Ricardo Strategic Consulting (RSC), in conjunction with Ricardo engineering assists a global supplier identify and evaluate innovative EV battery concepts to enable the supplier to develop and offer products in this growing segment.

Challenge

A large Tier-1 supplier is looking to expand their product portfolio with offerings in the growing Connectivity, Autonomous, Sharing, and Electrification (CASE) transformation of the automotive industry.
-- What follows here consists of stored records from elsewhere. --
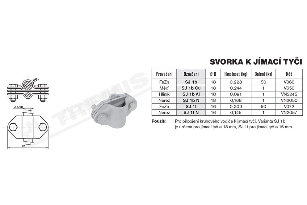 Svorka k jímací tyči, pro připojování kruhového vodiče k jímací tyči. Pro tyč o průměru 18mm
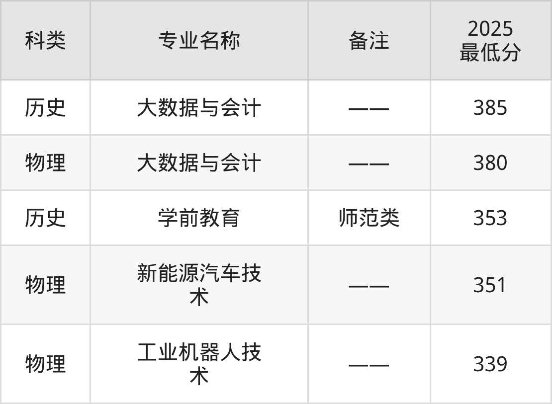 2025年民办合肥财经职业学院专业录取分数线排名最高的是大数据与会计(历史类385分),分数线排名最低的是工业机器人技术(物理类339分)。
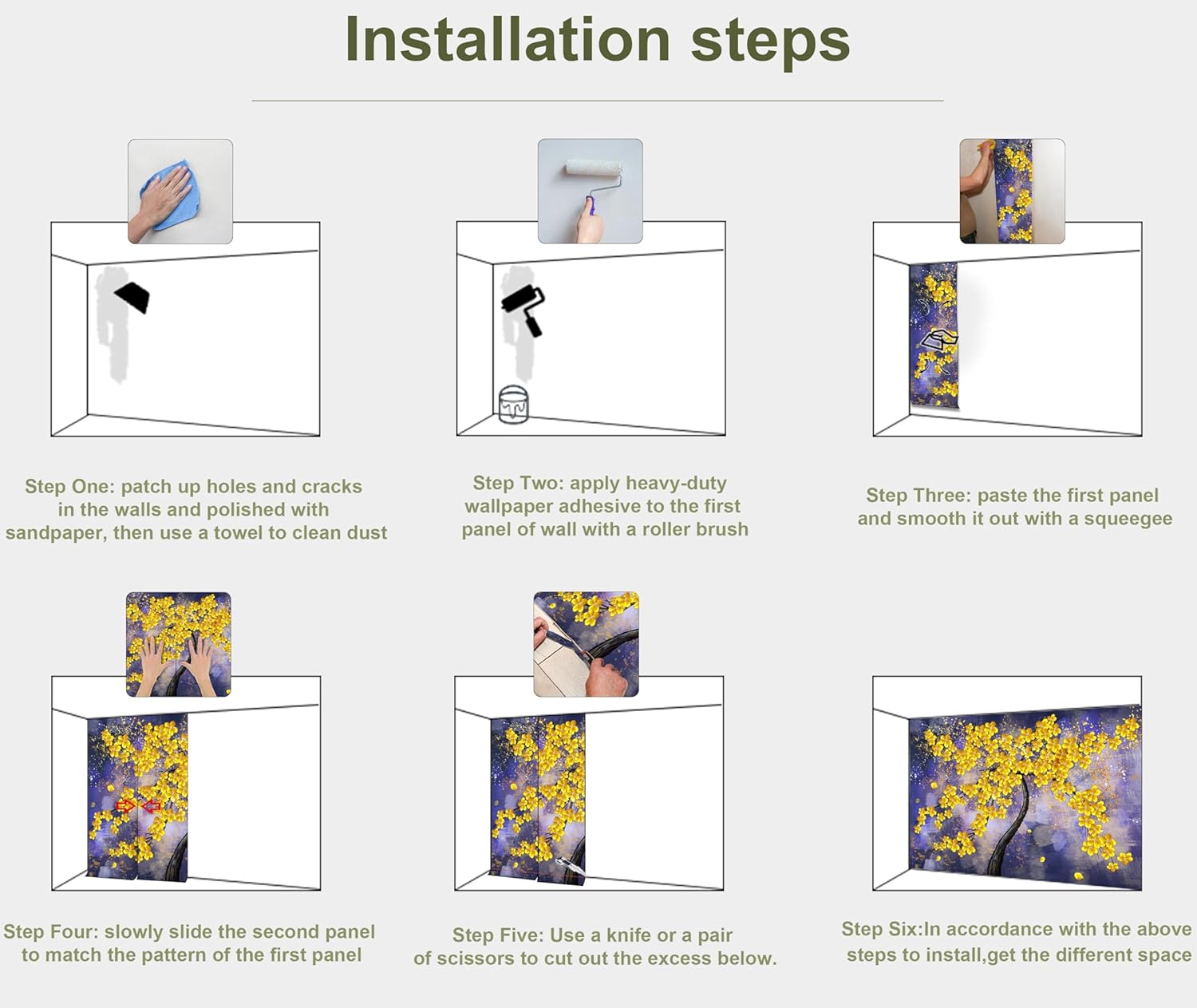 • INSTALLATION - 1.Fill in all cracks or holes and clean dust dirt and grease on the wall surface. 2. Apply the heavy duty wallpaper paste on the wall not mural. 3. Use a spirit level to mark first strip location. 4. match the pattern by sliding into place. 5.use a scraper to smooth out bubbles press. 6. Let dry for a few minutes and that's it! Please Note: Not self-adhesive. We recommend to use a standardized fleece wallpaper paste.
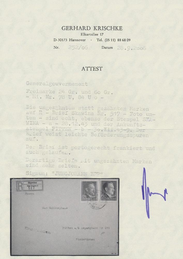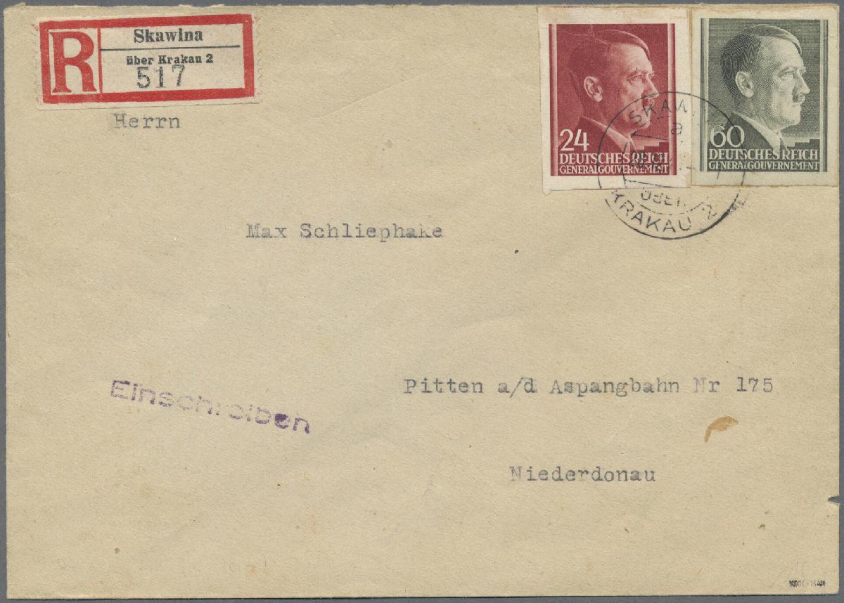 | Zusatzinformationen und Suchstichworte: | Christoph Gärtner 55. Auktion 20. - 24. Februar 2023 Los 6049 D Generalgouvernement 1942, Hitler 60 Gr schwarzoliv und 24 Gr. schwärzlichbräunlichrot, UNGEZÄHNT, 2 Prachtstücke auf portogerechtem R-Brief (leichte Beförderungsspuren) aus "SKAWINA 28.12.43" nach "PITTEN 30.XII.43". Herausragendes Belegstück mit portogerechter Mischfrankatur zweier ungezähnter Werte (INSBESONDERE DIE SEHR SELTENE 60 Gr), geprüft Jungjohann, Fotoattest Krische: "... derartige Briefe mit ungezähnten Marken sind sehr selten." RR! Ausruf 1.400,00 EUR |
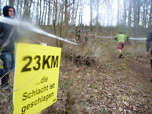 Ich habe viel erlebt, hier und heute und überhaupt. Jetzt lerne ich wieder das Beten. Dass sich die Jungs hier ungelogen die Eier abreissen, sieht man nicht. Die schreien nur und wälzen sich dann im Unterholz. Aber als der Zwanzigjährige neben mir im Höllenspeed den Hang runtergeschossen kommt und sich auf dem Weg nach unten sein Unterschenkel blitzschnell in einen rechten Winkel von seinem blutendem Körper begibt, da wird mir verdammt schlecht. Ich würge wie ein junger Hund, der eine Plastikdose Rügenwälder verdrücken will.
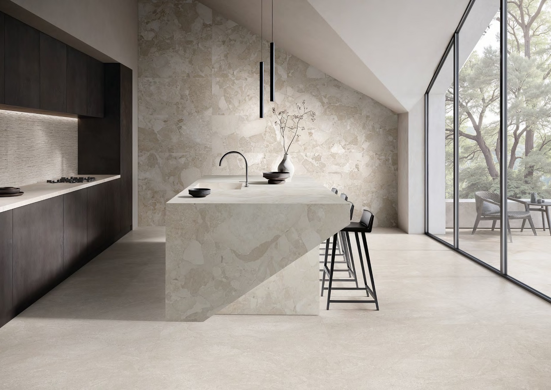 Plytelių Matera Stone tekstūros – Neutra ir Sassi – sukurtos naudoti tiek atskirai, tiek derinant tarpusavyje. Kartu jos tampa stilingo interjero pagrindu, kuriame lytėjimo pojūtį žadinantis akmenukų dinamiškumas keičiasi su santūria neutralios apdailos elegancija.
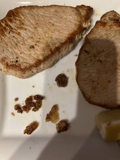 Die Präsentation der Speisen scheint zwar traditionell gerichtet, allerdings scheint es in der Küche jemanden zu geben, der leichte Ungewöhnlichkeiten fabriziert, die mir unnötig erscheinen. Dass auf dem Fleisch ein Häufchen Sahne serviert wird, kann man sicherlich nachvollziehen - hat man schon mal irgendwo gesehen. Allerdings störte mich, dass unter der Sahne eine Zitronenscheibe lag, was man erst merkt, wenn man ein bisschen rumstochert. Ich würde gerne auf Anhieb sehen, was ich da esse. Die Soße war etwas wässrig, das kann man sicherlich so machen, ist aber Geschmackssache. Vielleicht deshalb die Sahne? Ich bevorzuge es, wenn die Soße bereits fertig ist und ich es mit der Sahne nicht noch im Teller verdicken muss.
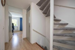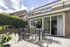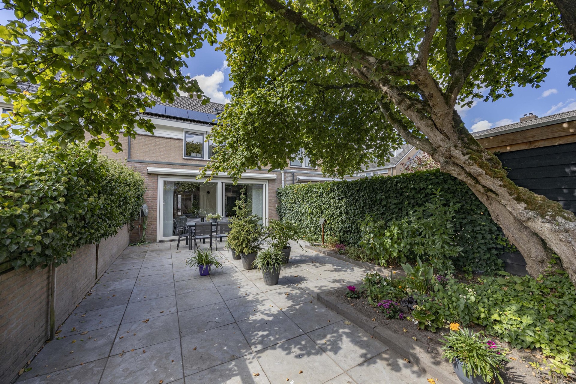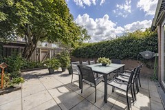 De achtertuin ligt op het oosten en is diep, groen en verrassend ruimtelijk. Grote tegels en een strakke border met een prachtige volwassen boom maken het geheel onderhoudsvriendelijk en sfeervol. Dankzij de 12 zonnepanelen woon je hier niet alleen comfortabel, maar ook duurzaam met lagere energielasten en een groen geweten.
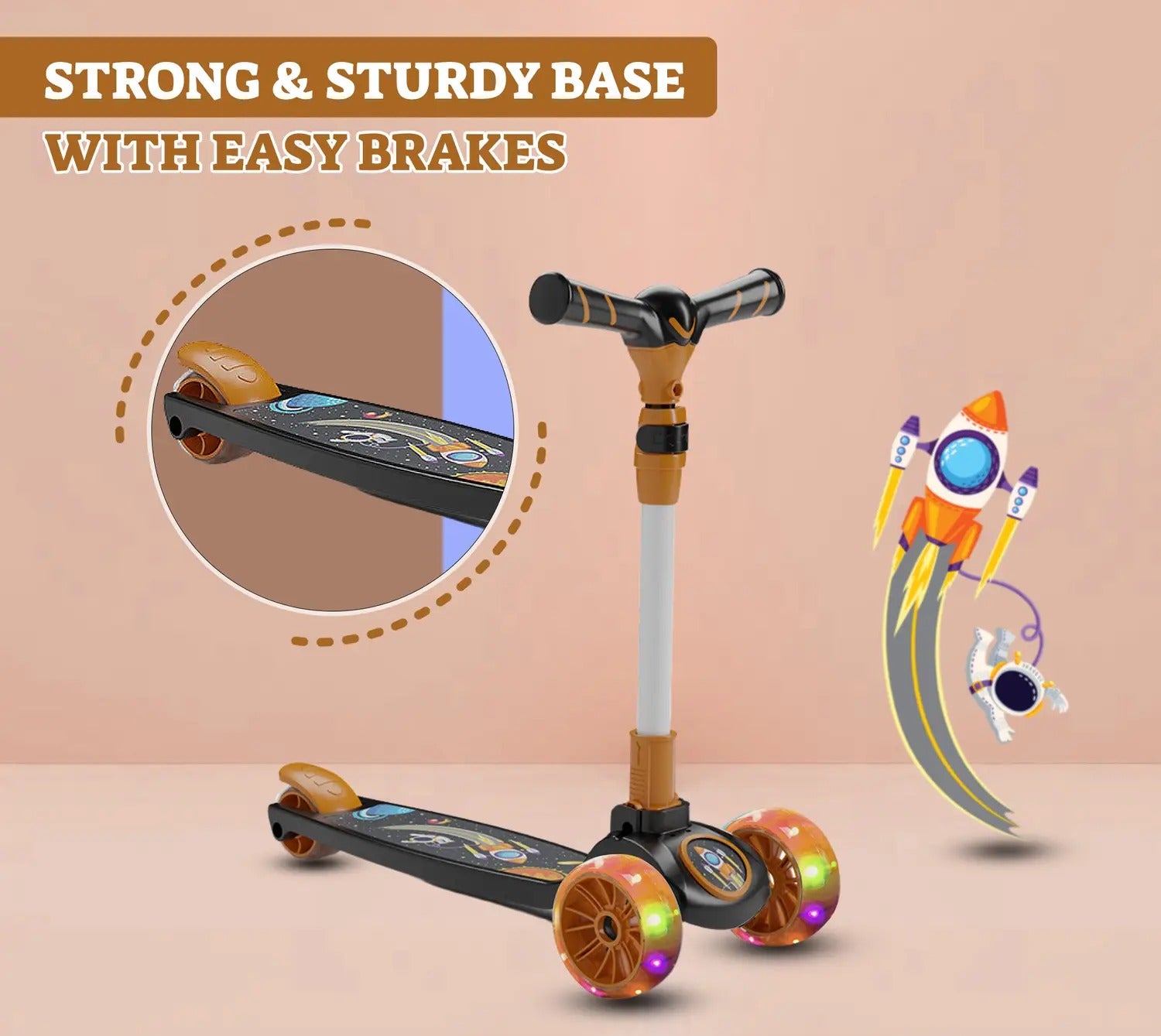 Kids 3-Wheel Scooter with LED Light-Up Wheels, Adjustable Handlebar, Anti-Slip Deck – Safe & Fun Ride for Toddlers (Orange)
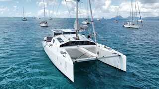 Vu un exemplaire sur l’eau (au port) depuis l’avant : ça en jette. Franc bord enorme, greement oversize… pas mon trip.Chacun ses gouts, avec un tel budget j’irai sur 2 bateaux pour mixer les usages > une luge carbone pour s’amuser à la journée (Saffier ou équivalent), et un croiseur confortable style XC de 45 pieds. Et ça suffit :-)
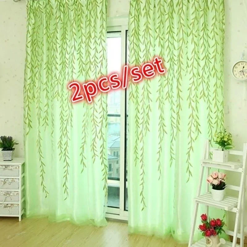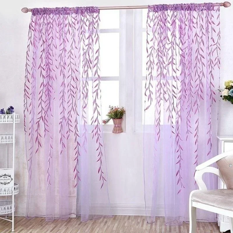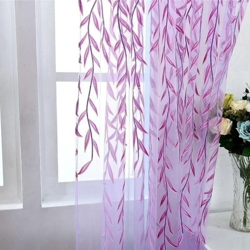 Enhance your space with this elegant set of two polyester curtains, available in sizes 100x200cm and 100x270cm, featuring a delicate willow leaf floral pattern in soothing green and purple hues. Crafted from semi-transparent voile with a woven interlaced texture, these curtains offer a shading rate of 1% to 40%, perfect for soft sunlight diffusion. Their good drape and lightweight feel create a relaxed, pastoral ambiance ideal for bedrooms, living rooms, cafes, or offices. Designed for built-in installation on flat windows with left and right biparting opening, they combine style, functionality, and a touch of natural charm to elevate your interior decor.
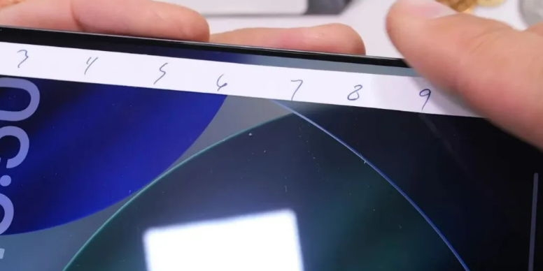 Jerry依惯例先去测屏幕硬度。拿出不同级别的莫氏硬度测试工具,从低往高开始划动。到6级时屏幕完全没动静,7级起能看见很淡的痕迹,竟然8级才出现比较明显的划伤。
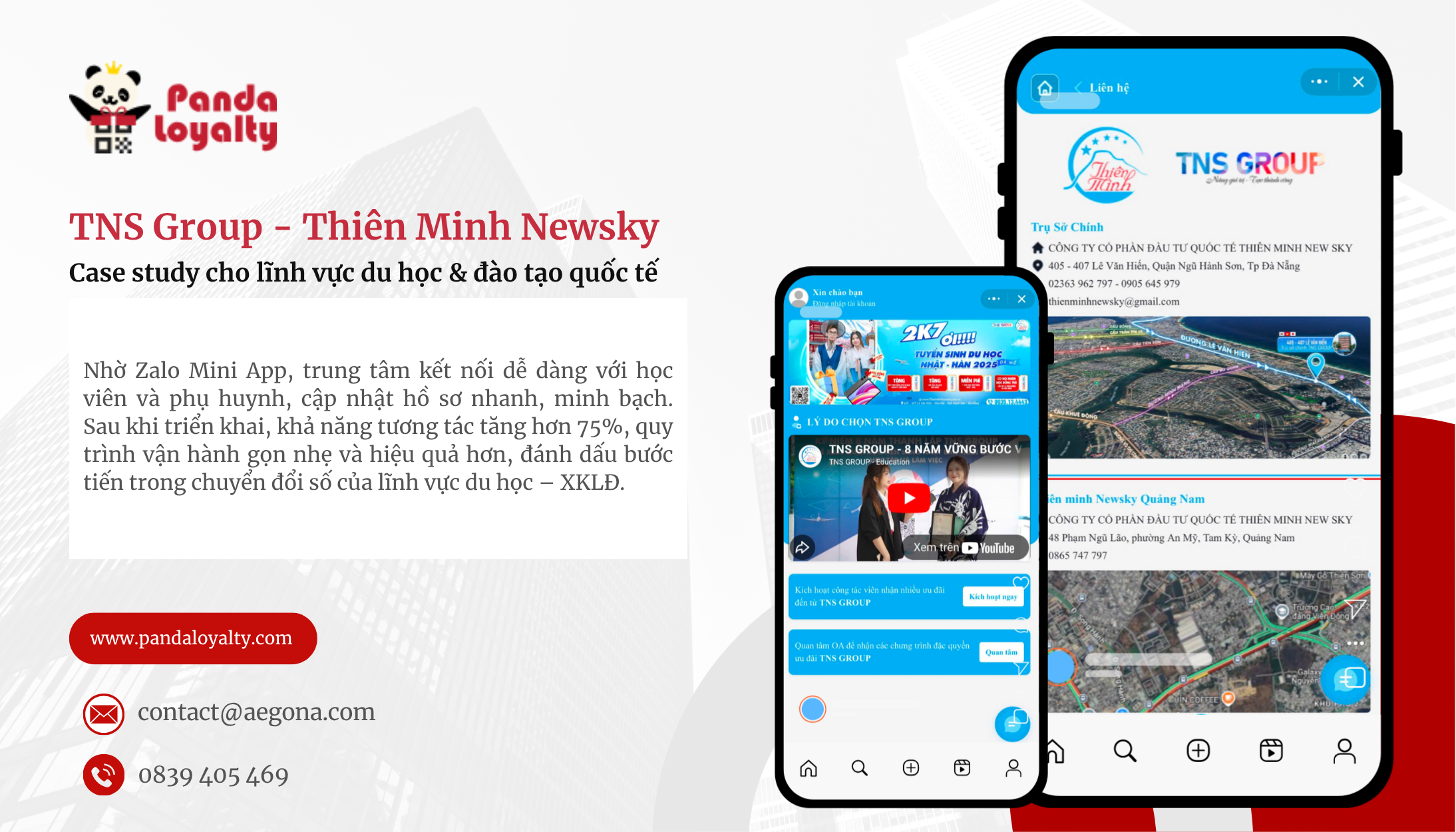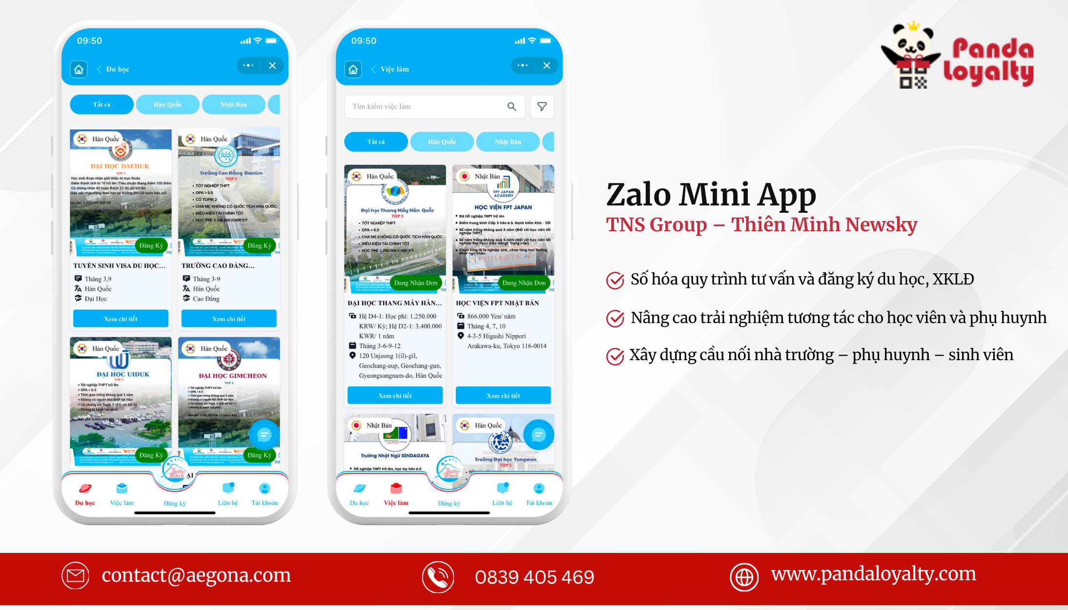 Panda Loyalty là giải pháp phần mềm chăm sóc khách hàng và quản lý dữ liệu thông minh do công ty Aegona phát triển, tiên phong triển khai các giải pháp số hóa trên nền tảng Zalo Mini App cho nhiều lĩnh vực, trong đó có tư vấn du học và xuất khẩu lao động.

Internal R&D proposed a significant change to EV battery architecture that could substantially reduce the cost of EV batteries and open up a new business opportunity for the client.

RSC utilized extensive EV battery benchmarking experience to quantify the potential benefits of this novel architecture and select two representative production vehicles to run proof-of-concept experiments to confirm the feasibility of this idea.

After approving the plan, RSC and Ricardo engineering acquired two test vehicles, one BEV and one PHEV, and quickly perform a series of experiments at the cell, module, and battery pack levels and provide data vital to the development of this new technology.

Approach

RSC starts with the hypothesis this new architecture is engineering feasible and presents a compelling business case to the industry.  Business analysis and lab experiments are used to confirm or reject the hypothesis.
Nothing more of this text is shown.